Ideally they hoped to catch the bombers in the act of digging into the hard-baked soil of dirt roads that spiderweb the desert -- or find them tunnelling under the few paved highways.
Occasionally, only U.S. surveillance drones have been that lucky, dispatching the night-time bomb-planters with a well-placed Hellfire missile, but there have never been enough of them in southern Afghanistan going around.
But even without actually spotting insurgents, the sensors and electronics carried by the CH-146s were powerful enough to detect changes in the landscape.
That the Griffons, a utility helicopter modified for combat and surveillance, were here at all is something of minor miracle.
Their deployment had been stubbornly opposed by National Defence since it was first proposed in December 2005, according to documents obtained by The Canadian Press under access to information laws.
The stated reason was that the helicopters, based on Bell 412 civilian model, didn't have engines powerful enough to handle the Afghan heat and high altitude flying -- a claim held to even though other allies in Kandahar flew similar light helicopters.
Remarkable there was resistance in Ottawa even though the Americans had demonstrated in 2007 success in Iraq with the U.S. army's once super-secret Task Force ODIN, which hunted roadside bombs in a similar way.
The federal government quietly spent $25 million with L-3 WESCAM last summer to provide the Griffons with the latest in sensory image technology, but insisted the helicopters weren't headed overseas.
Even when Ottawa announced it was buying the Chinooks, the initial plan called for the Griffons to be left home and gunships from other NATO countries to take up the escort duties.
That changed last fall, when the allies told Canada there were not enough AH-64 Apaches in Kandahar to go around.
The Griffons, it seemed, arrived by fluke.
"OK, this is it," Massicotte told the crew. "I want to look over by that compound over there."
The helicopter banked sharply.
On the right side, a dizzying splash of stars whipped past the open door, while on the left the grey desert floor turned counter clock-wise beneath them.
"Those are our LAVs over there," Cowan said, referring to a Canadian position.
"A little further," Massicotte urged. "There."
They had found something.
For the next while the Griffon tracked back and forth while the lead helicopter also examined the find.
On this night, two roadside bombs were confirmed by the patrol.
Missions such as this mean "a bit more than other missions" to Massicotte, 41, who has flown three different types of helicopters in over 20 years in the military.
"It seems everytime that there are casualties in theatre, we hear a lot they come from IEDs on the road, so if every time we go out we can catch a few of those ahead of time, it makes you feel good; definitely," said Massicotte, a native of Latuque, north of Trois Riviere, Que.
Capt.

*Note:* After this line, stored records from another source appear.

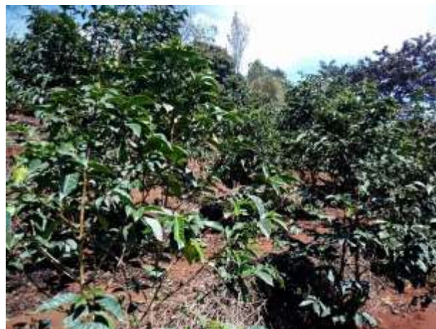
Durch die Dürre, sind leider auch die Kaffeepflanzen stark betroffen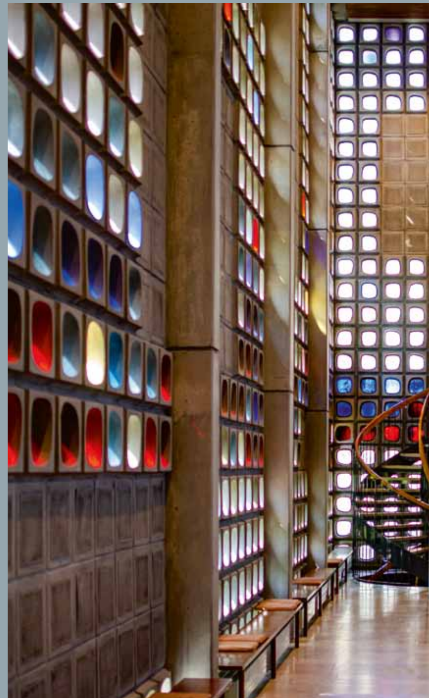
Eindrucksvoll leuchtende Glasfenster im Innenraum der Kirche

Die Markus-Kirche wurde auch als Konzert-Kirche konzipiert. Eine für damalige Zeiten ungewöhnliche Orgel lädt zu unterschiedlichen Konzerten ein. Der große Altarraum und die Empore bieten Platz für Chor und Orchester. Durch eine Tür getrennt, befinden sich neben der Kirche die Sakristei sowie ein Sitzungszimmer, das ursprünglich für den Kirchenvorstand geplant war und heute unterschiedliche Nutzung erfährt. Eine Wendeltreppe verbindet den Kirchenraum mit der Empore und der Unterkirche / Gemeindesaal. ■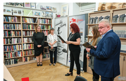
Otvorenje izložbe u Knjižnici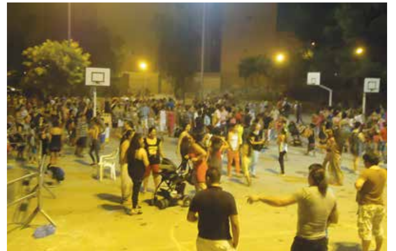
Imagen de las Fiestas Populares en el barrio de la Coma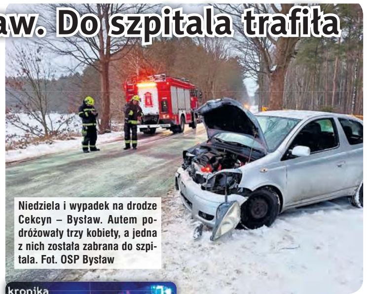
Niedziela i wypadek na drodze Cekcyn – Bysław. Autem podróżowały trzy kobiety, a jedna z nich została zabrana do szpitala.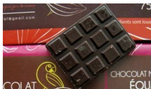
Chocolate cultivado de forma biodinámica ( https://www.ecologiaverde.com/chocolate-cultivado-forma-biodinamica/ )

En este proyecto europeo llamado LOTASSA participan seis grupos europeos y nueve latinoamericanos. Uno de estos trabajos, en el que participan un grupo alemán del Instituto Max Planck de Golm, otro de la Noble Foundation de Estados Unidos y otro uruguayo de la Universidad de Montevideo, ha sido galardonado con el “Premio de Investigación Universidad de Sevilla-Endesa a los trabajos de investigación de más impacto del año 2010” desarrollados en el Centro de Investigación, Tecnología e Innovación de la Universidad de Sevilla (CITIUS).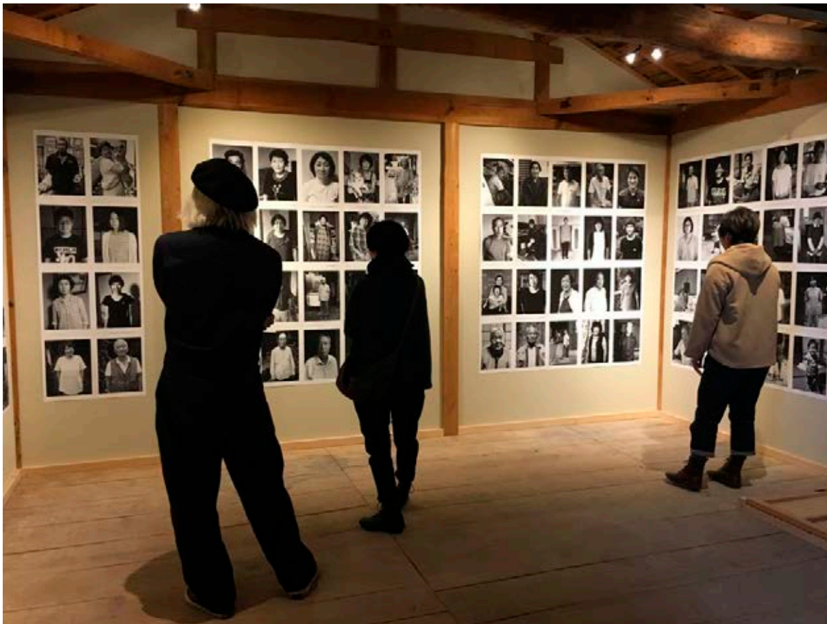
Exposiciones y conciertos en el Itonami Daisen Festival en Nagata, 2018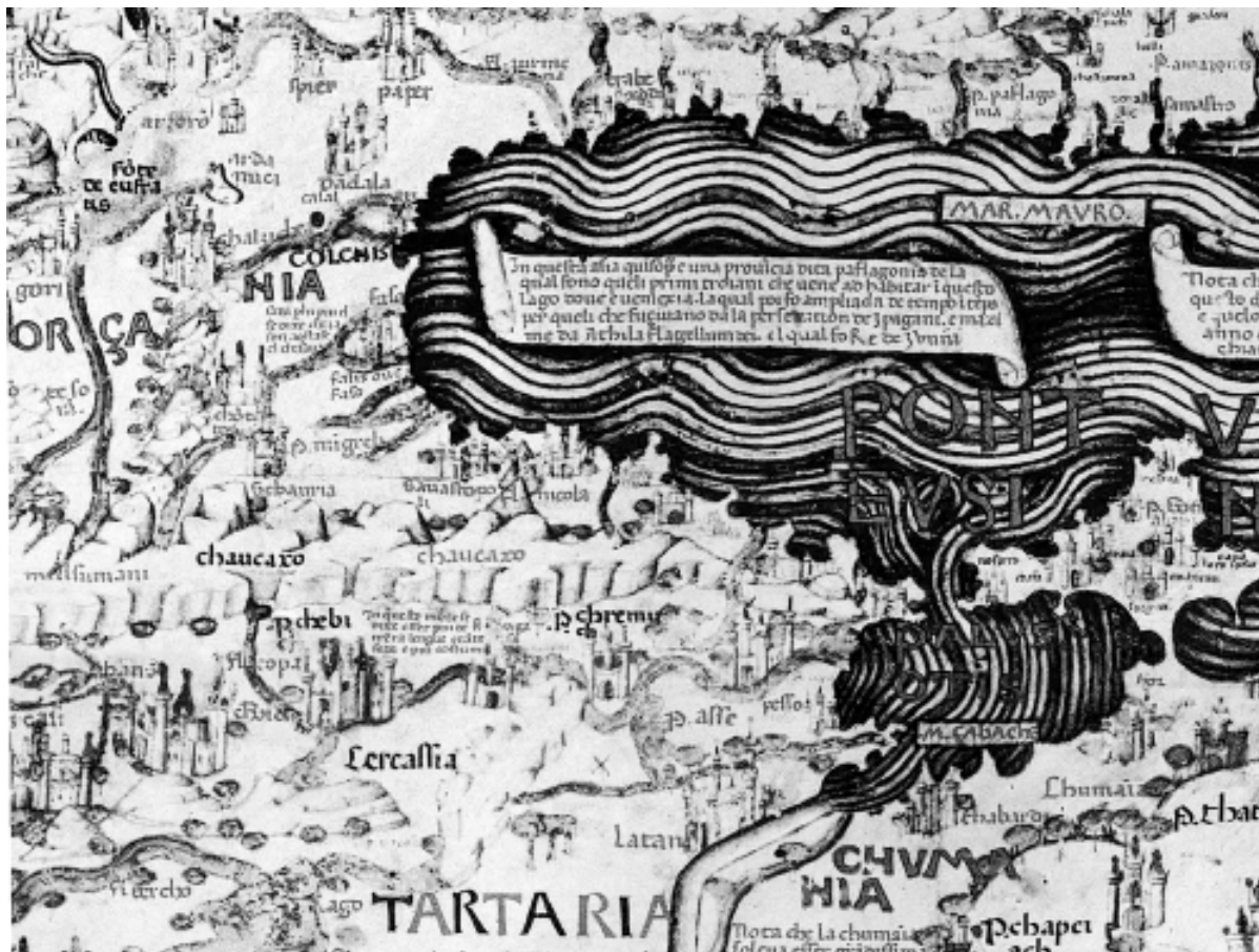
Знаменитая круглая «Карта мира» (Marratondo) венецианского монаха Фра Мауро, созданная в соавторстве с венецианским картографом Андреа Бьянко в 1459 г., содержит если не первое, то, во всяком случае, одно из первых указаний о существовании на Северо-Западном Кавказе страны Черкесии (Circassia). Это название нанесено меньшим шрифтом, чем Татария (Tartaria) и отделено от нее рекой. По соседству с Черкесией отмечена крупная венецианская колония Тана (Latan). ( http://www.kartap2.narod.ru/mfra_mauro.htm ).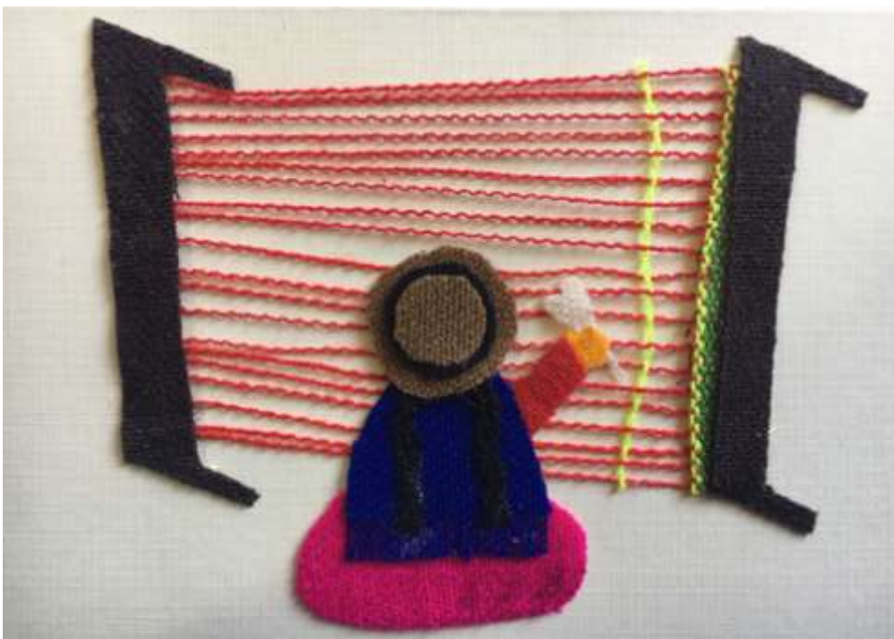
Motiv 46 Weberin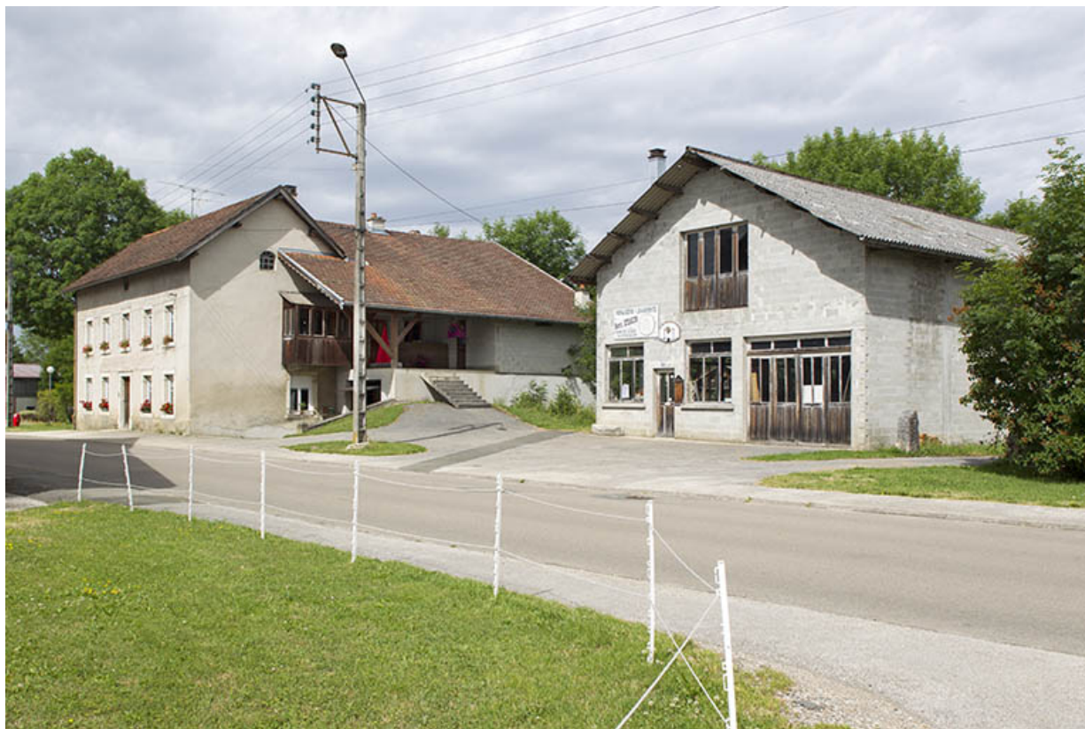
Vue d'ensemble, depuis le nord-est.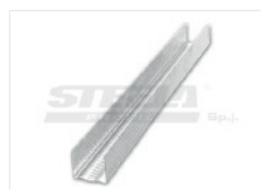
Потолочный профиль UD30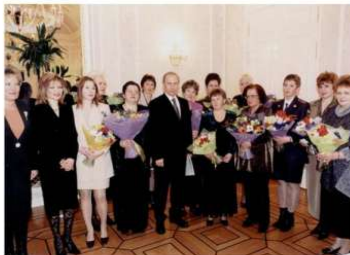
SOS-мама из Лаврово среди 12 Почетных женщин-педагогов России на встрече с президентом В. Путиным в Кремле.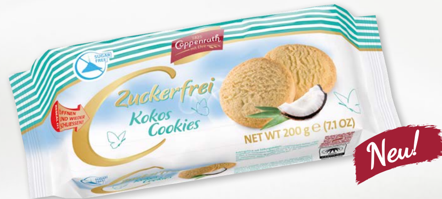
Zuckerfrei Kokos Cookies

Bewusst leben und dennoch genießen - unsere zuckerfreien Gebäcke beweisen, dass ein volles und knuspriges Geschmackserlebnis auch sehr gut ohne den Einsatz von Zucker möglich ist. Einfach probieren und genießen.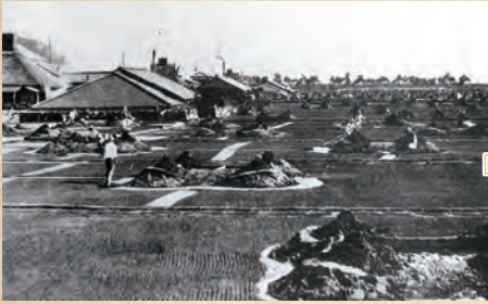
竹原塩田 (昭和10年頃)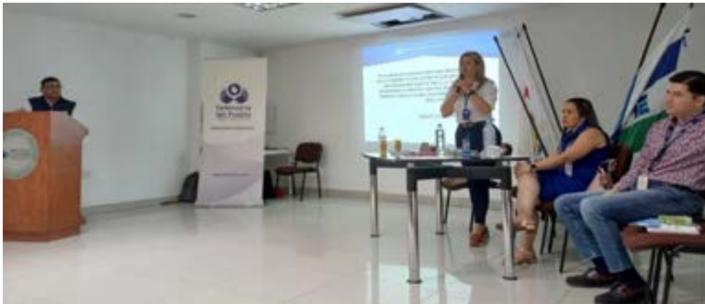
Actividades de formación en participación, control social y veedurías ciudadanas frente al derecho a la participación a líderes comunales y presidentes de JAC de zona urbana y rural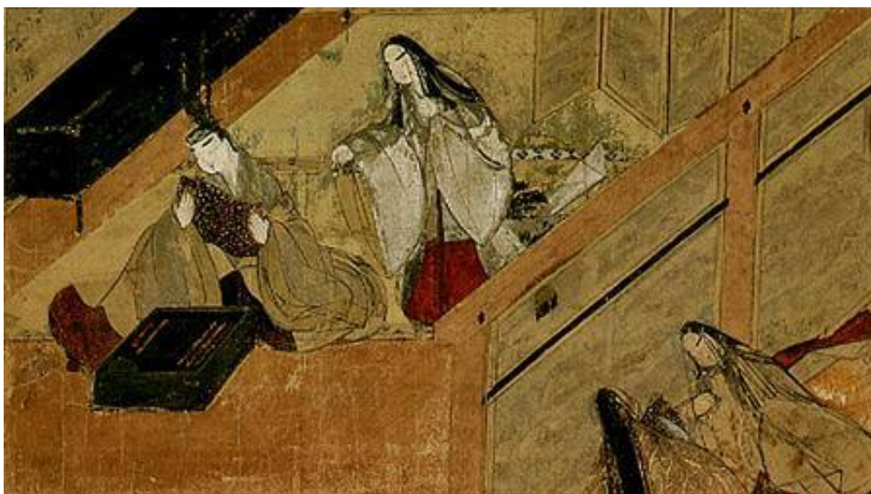
Figura 02 - Névoa Noturna , de Genji Monogatari (Museu de Tokugawa).

A perspectiva pela qual olhamos o quarto é a mesma usada no ukiyo-e :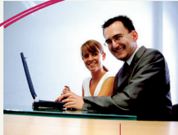
Bei uns sind Sie in guten Händen

Wir sind Ihr Partner. Wir coachen, unterstützen Sie. Wir vermitteln Sie.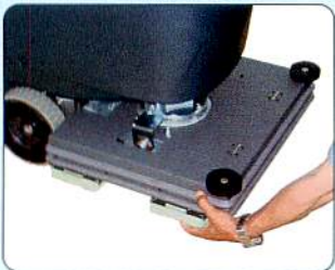
パッド台はマグネット式になっており脱着が簡単です。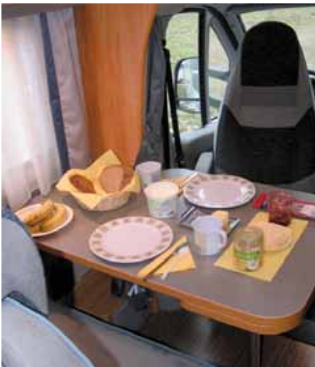
■ Halbdinette, drehbare Fahrerhaussitze und Seitensitz ergänzen sich zu einer gemütlichen Runde um den Tisch.

fort vertraut mit dem Charme des Mollebusch-Mobiliars, ein vertrauter Holzton bei Adria. Er harmoniert in seinem hellbraunen Ton mit jeder Außenfarbe, ist weder kalt noch zu dunkel, gefällt eigentlich fast Jedem, egal ob jung oder alt. Dazu die zweifarbig grauen Polsterbezüge bis hin zu den Fahrerhaussitzen, abgesetzt durch ein Material, das Alcantara täuschend ähnlich sieht, aber keines ist. Aus Erfahrung wissen wir heute, dass sich Flecken daraus ohne Probleme entfernen lassen, ein feuchtes Mikrofaser-tuch reicht aus.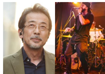
<音楽鑑賞シーン (イメージ)>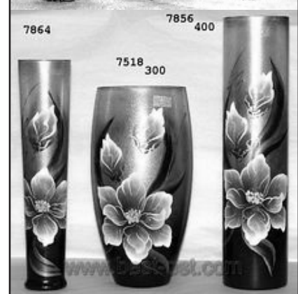
“Прадукцыя” фірмы Бест-Ост

P.S. Невялічкае ўдакладненне: прадукцыя фірмы Бест-Ост прадаецца ва ўсіх фірмовых магазінах шклозавода “Нёман” акрамя самой Бярозаўкі. Пэўна, хацелі “схаваць” ад рабочых гэты факт, каб пазбегнуць некаторых пытанняў?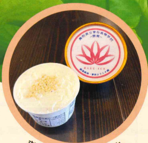
蓮の加工品を楽しむ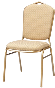
レセプションチェア CA555G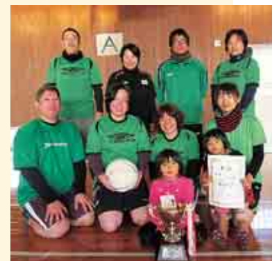
2 部優勝 クラブおんびき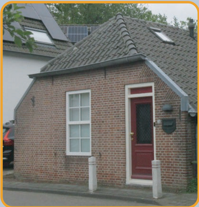
Vereniging Oud Ede

Dit onbewoonbaar verklaarde arbeiderswoning is van 1962 tot 1973 gebruikt door de Vereniging Oud Ede als hulpgebouwtje. In dit arbeiderswoning – dat ook 't Driehoekje werd genoemd – werden dingen opgeslagen en activiteiten georganiseerd. Hierin kon je bijvoorbeeld op een avond naar een verzameling oude foto's kijken. In 1972 werd het gebouw steeds slechter, waardoor de opgeslagen spullen verplaatst moesten worden. In 1974 kwam er een pottenbakker in het boerderijtje wonen. Ook nu wordt het weer gebruikt als woonhuis.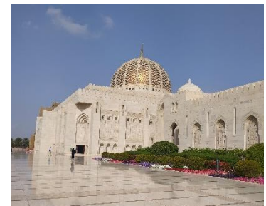
Abbildung 4: Grand Mosque

https://theculturetrip.com/middle-east/oman/articles/these-mosques-in-oman-are-an-architectural-wonder/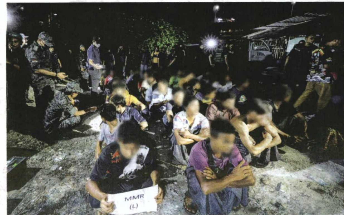
SEBAHAGIAN PATI yang ditahan dalam operasi bersepadu berhampiran Lebuhraya Duke di Sentul, Kuala Lumpur tengah malam semalam.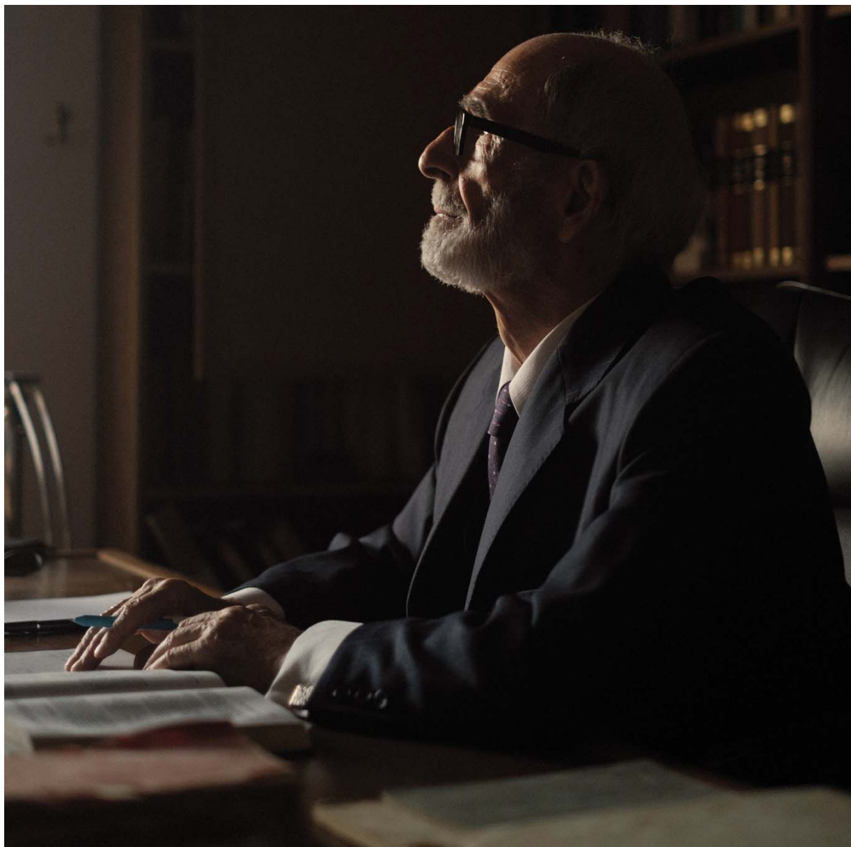
Janë më se 50 vepra shkrimore dhe më se 20 mijë faqe të shkruara e të botuara, madje një pjesë e konsiderueshme e tyre edhe të përkthyer në gjuhë të tjera, që e bëjnë Akademik Rexhep Qosjen një autor të patëdytë në historinë dhe në kulturën shqiptare

Një fushë tjetër me rëndësi e veprimtarisë intelektuale e profesionale të Rexhep Qosjes ka të bëjë me studimet tona letrare. Për punën e tij shkencore janë thënë fjalë të mëdha. Puna dhe rezultatet e tij janë kraha-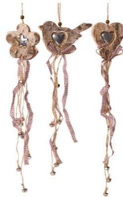
Cod: D 2033 Des: Formine da appendere in legno con sonagli Note: 10x0,5x10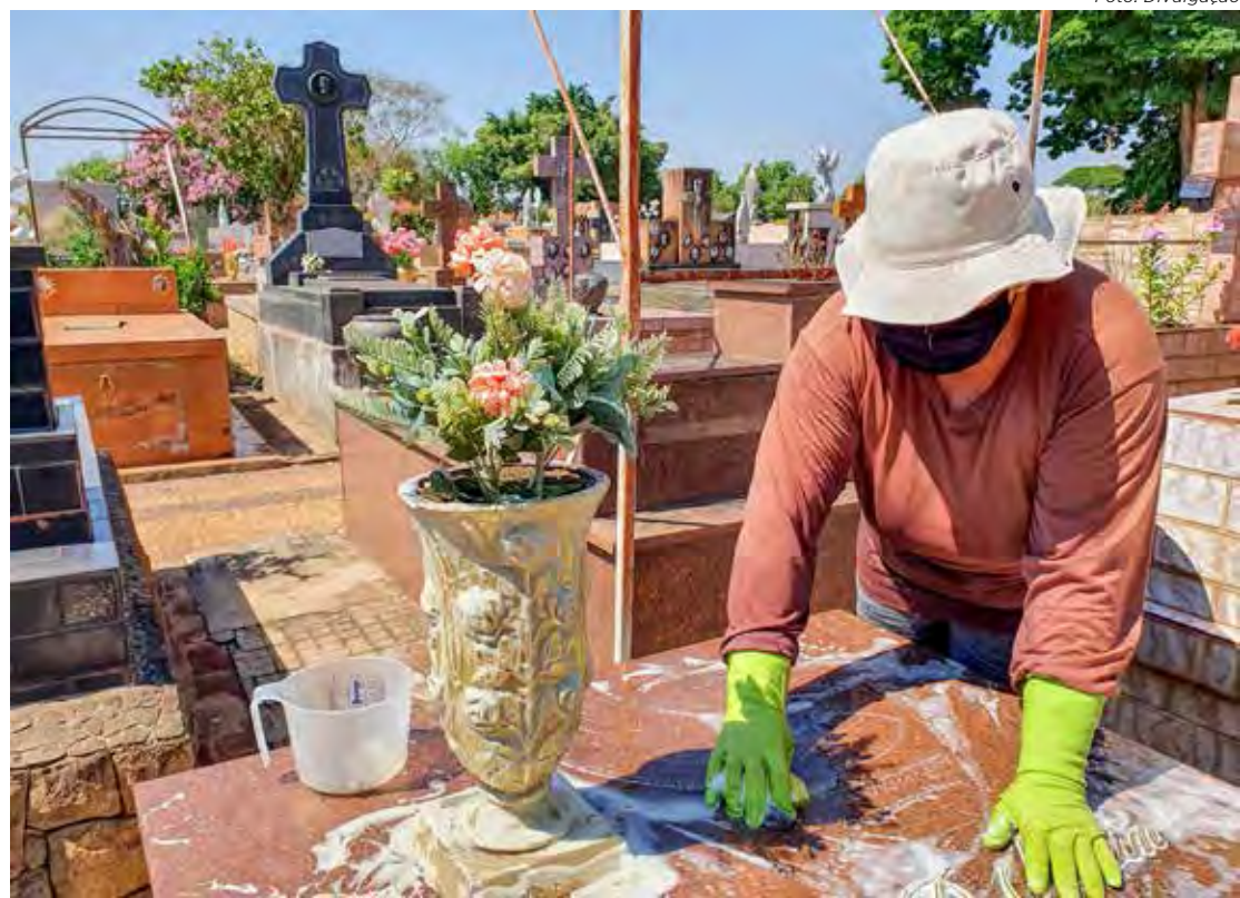
O dia 31 de outubro é o prazo final para as pessoas realizarem limpeza dos túmulos no cemitério municipal

Finados, o cemitério terá horário de funcionamento normal, das 6 às 18 horas. O Cemitério Municipal São João Batista, em Rio Claro, tem aproximadamente 14 mil túmulos. Como medida preventiva à dengue, a prefeitura está orientando as pessoas que forem levar flores aos seus falecidos que tomem cuidado para não incluir vasos ou embalagens que possam acumular água.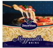
PRODUITS FRAIS MOZZARELLA RAPEE 40% DOLCEVITTO 2.5KG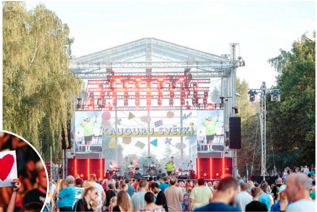
Visas dienas garumā Kauguros skanēja muzikāli priekšnesumi un norisinājās daudzveidīgas radošas un sportiskas aktivitātes.

Brennan Cassidy, the mission commander that night, said mostly they don't know whether they've actually found something, but when they do it's rewarding.
Statistics on the Griffons success rate are classified.
But he said the fact that the helicopters are up there searching at night is no secret from the Taliban, who hear the choppers the coming.
"I'm quite certain they are aware of presence," Cassidy, a native of Kemptville, Ont., said after the flight.
"The nice thing, sometimes we may not have even specifically found something, but just our presence has prevented an IED from being implaced."